BYD joked on Weibo about China's crackdown on superlatives in ads.

China just overhauled its advertising law, and a lot of jokes are going around about a measure cracking down on superlatives. Companies boasting that their products are "the best" now face potentially big fines. On social media, brands had fun wisecracking about it.

Didi Kuaidi, the homegrown Uber competitor backed by internet giants Alibaba and Tencent, wrote on microblogging platform Weibo that its car-hailing service is "so fast it violates the advertising law."

Chinese electric automaker BYD, which is partly owned by Warren Buffett's Berkshire Hathaway, ran a photo of a sedan with the caption: "Its beauty cannot be described with several superlatives." Proya, a local cosmetics and skincare brand, quipped, "Sorry! Now we can only be the second-best."

Big changes

Joking aside, there is concern in the industry about exactly how authorities will construe some measures that leave room for interpretation. There are also questions about how strictly it will be enforced.

The law, which took effect Sept. 1, brought a sweeping update to a law that hadn't been overhauled in two decades. It now takes internet advertising into account. It banned all forms of tobacco advertising, promotion and sponsorship – a big step in a country of 300 million smokers, and where powerful tobacco brands even sometimes sponsored schools. It restricts how children can appear in ads, and it tightens the rules on how healthcare products can be promoted.

Superlatives like "the best" and "the most" were already a no-no in Chinese ads, but the new law has more teeth.
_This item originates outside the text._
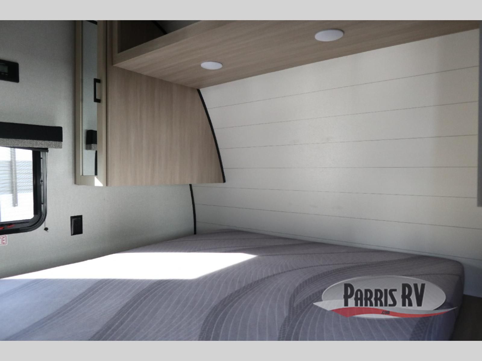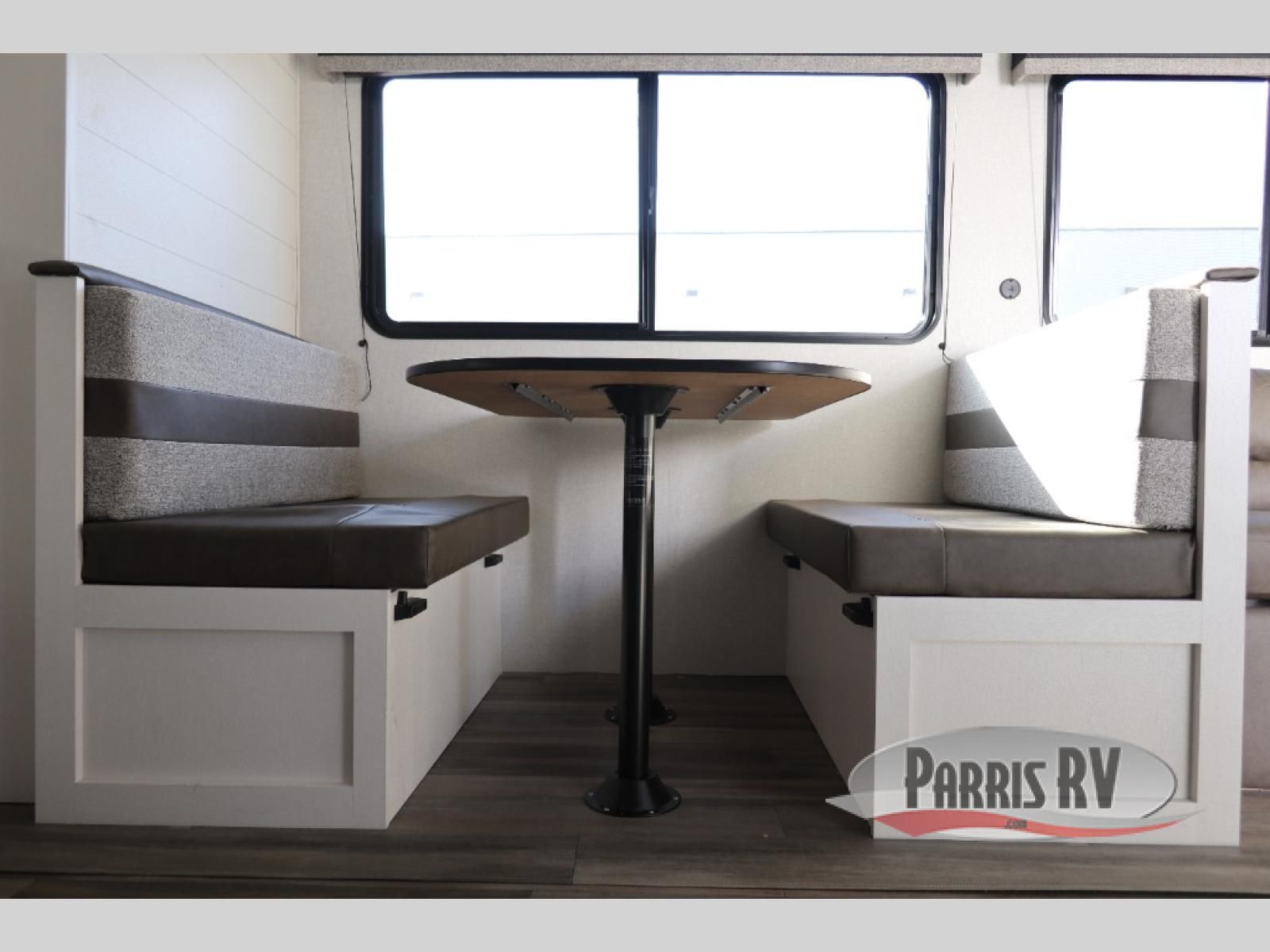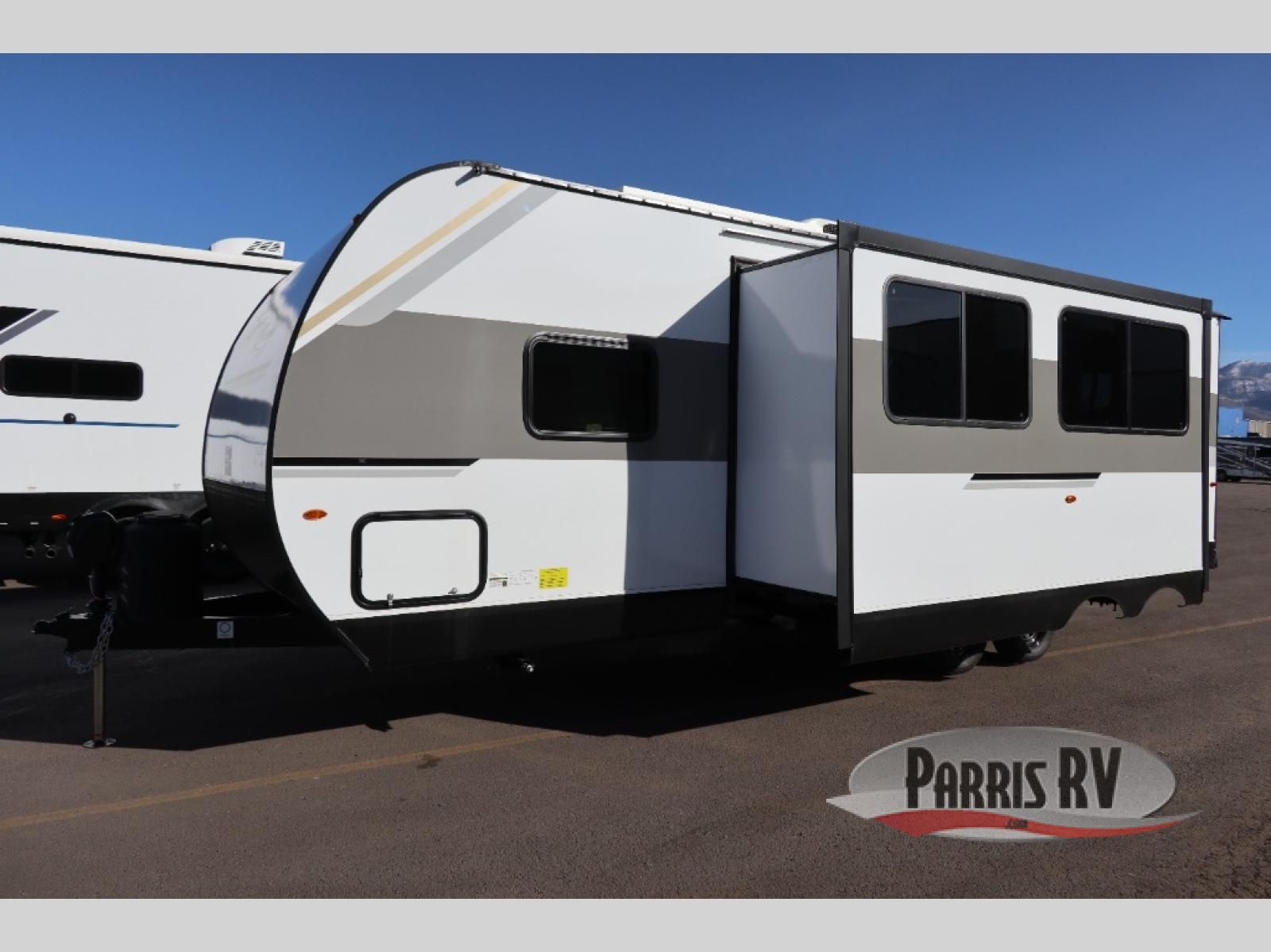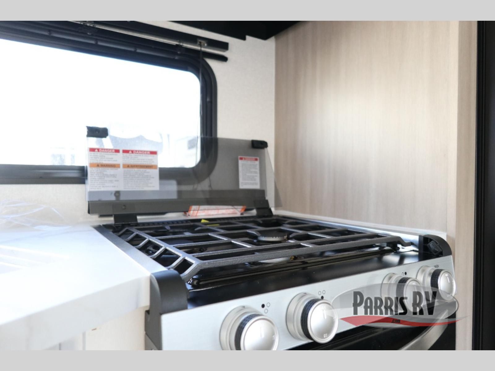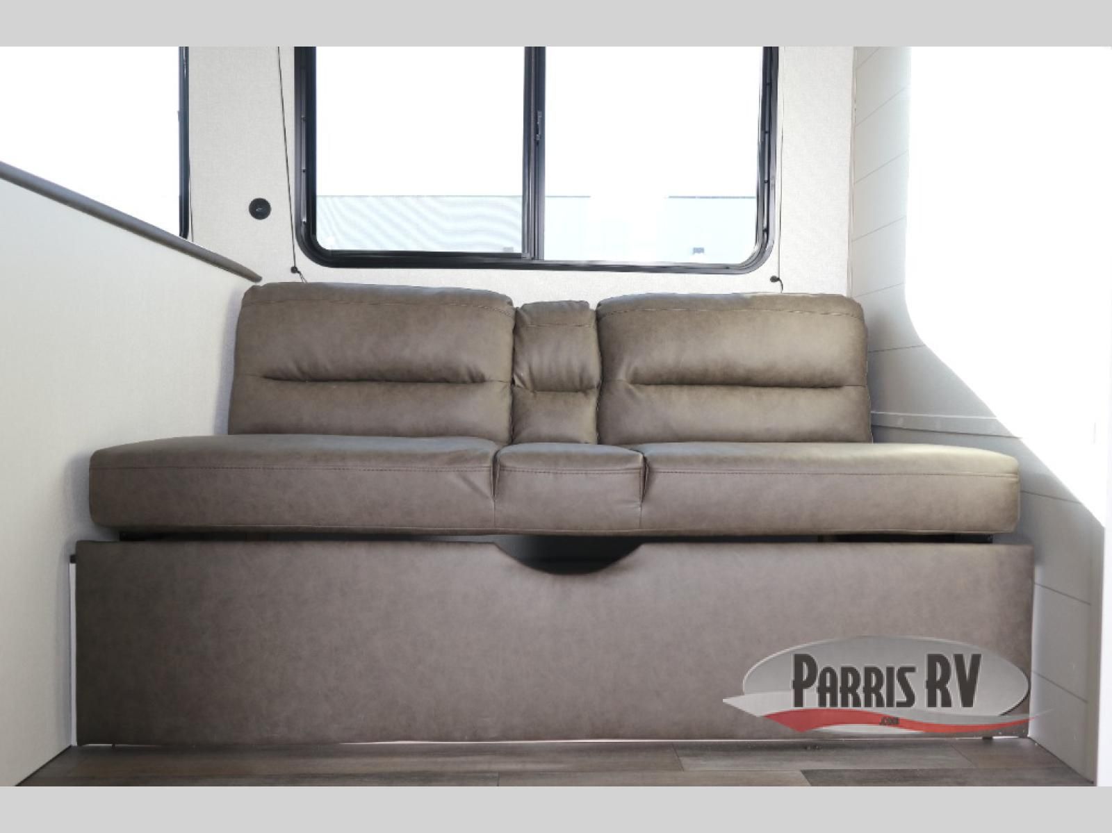 This travel trailer with double-size bunks is spacious and cozy! Once you've unloaded the exterior storage, your crew can put out the 16' power awning with LED lights, then start lunch on the outside kitchen. If the weather isn't cooperating, there is a three-burner cooktop and microwave oven inside, plus comfortable seating on the jack-knife sofa and booth dinette. You're sure to appreciate the front private bedroom with an RV queen bed, dual wardrobes, plus an overhead shelf for books, and the rear corner full bath will let everyone freshen up each day!

Breaking it can bring fines of up to $157,000.

Authorities for now are being very strict on what will pass muster, said Chenghua Yang, CEO of Publicis Shanghai and Guangzhou. Even if a brand uses independent market research to back up a claim of being the "leading" brand in the market, authorities are saying that won't work.
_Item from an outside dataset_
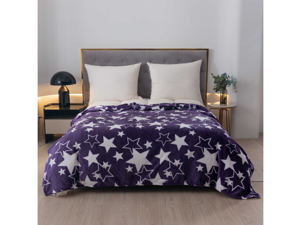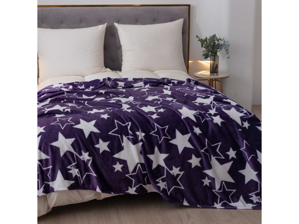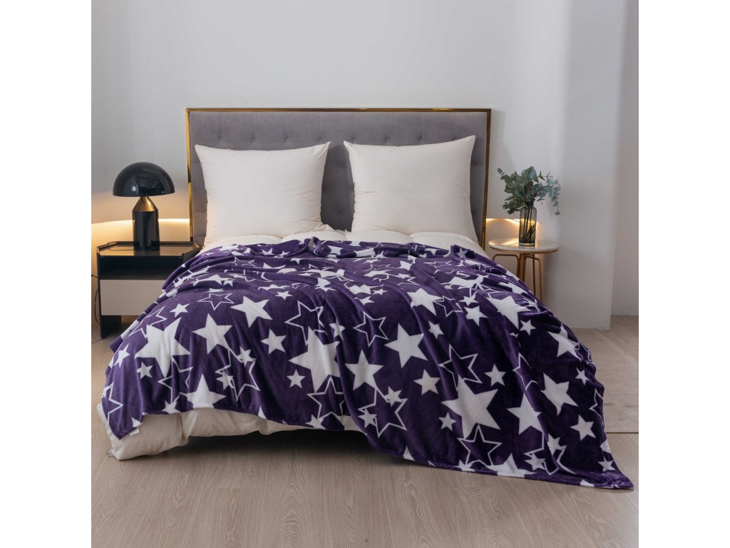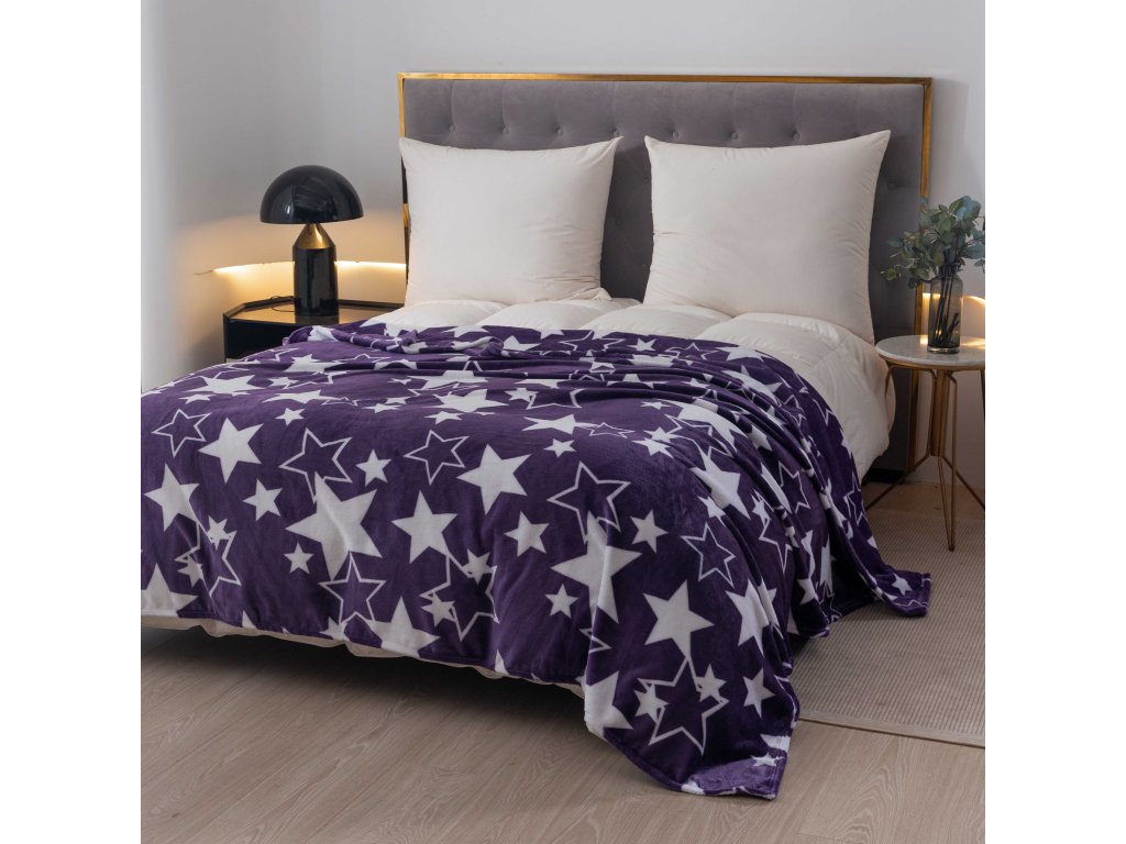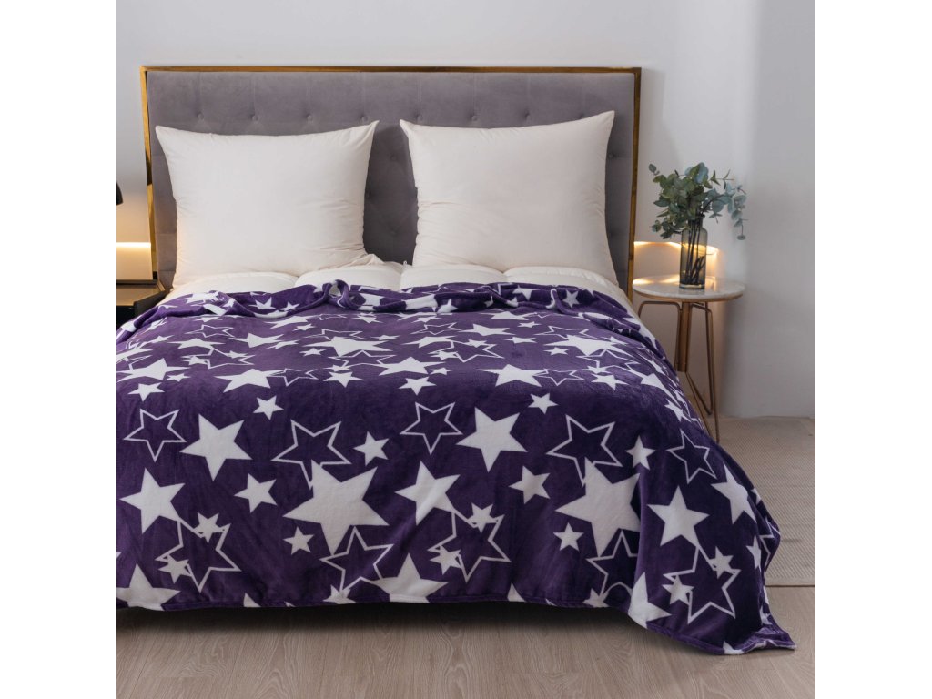Vánoční mikroplyšová deka HVĚZDY fialová
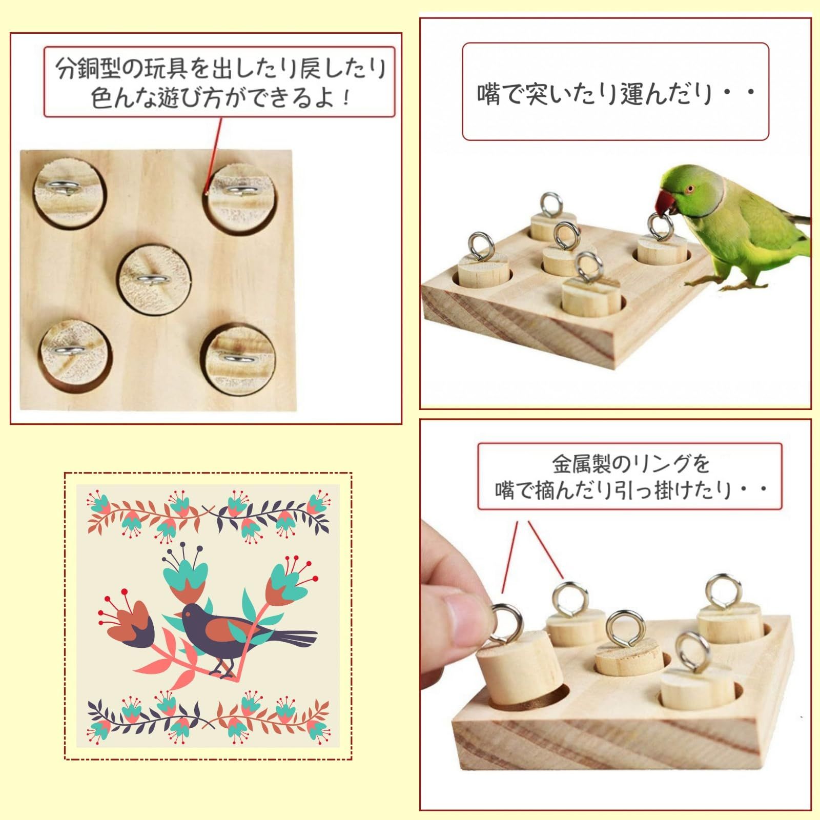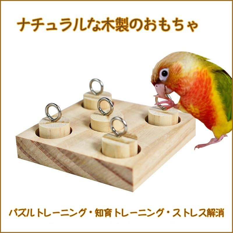 木製のバードトイはインコなど小鳥の知育を促進するために設計されています。こちらの玩具は、インコがパズルを当て嵌めたりすることで知性を刺激します。

"Everything we submit to the bureau they're saying, no, no, no, at this moment," Mr. Yang said. It's not clear if things are especially strict right now because the law just passed. "It could be short-term, but it could be long-term too," he added.

Another new provision is that children under 10 are not allowed to be endorsers. Lawyers say their understanding is that should apply to celebrity children using their influence to tout brands or products. But there's some concern that it could be interpreted more loosely – for example, banning actors under age 10 from toy ads.

"All the infant milk, toys and medicine, how can you illustrate that without a kid?" Mr. Yang said. " It's quite confusing at this moment."

Another source of perplexity is that the offices of the Administration for Industry and Commerce in different cities sometimes differ on what the legal language means, industry insiders say.

For example, there's a lack of agreement on the limits of a new measure requiring endorsers to actually try the products they are touting or be held liable. (So male pop stars are no longer allowed to endorse maxi pads. Yes, that actually has happened.)

But here's a more subtle example: Would that ban apply to a mom endorsing the baby formula she gives her child, and which she is obviously not sipping herself?

One legal advisor for a holding company said an official in Shanghai told her mothers were not allowed to endorse baby milk, while someone in Beijing said that would be no problem. "We need to have more communications with officials, to make sure we are clear on what the regulations mean," she said.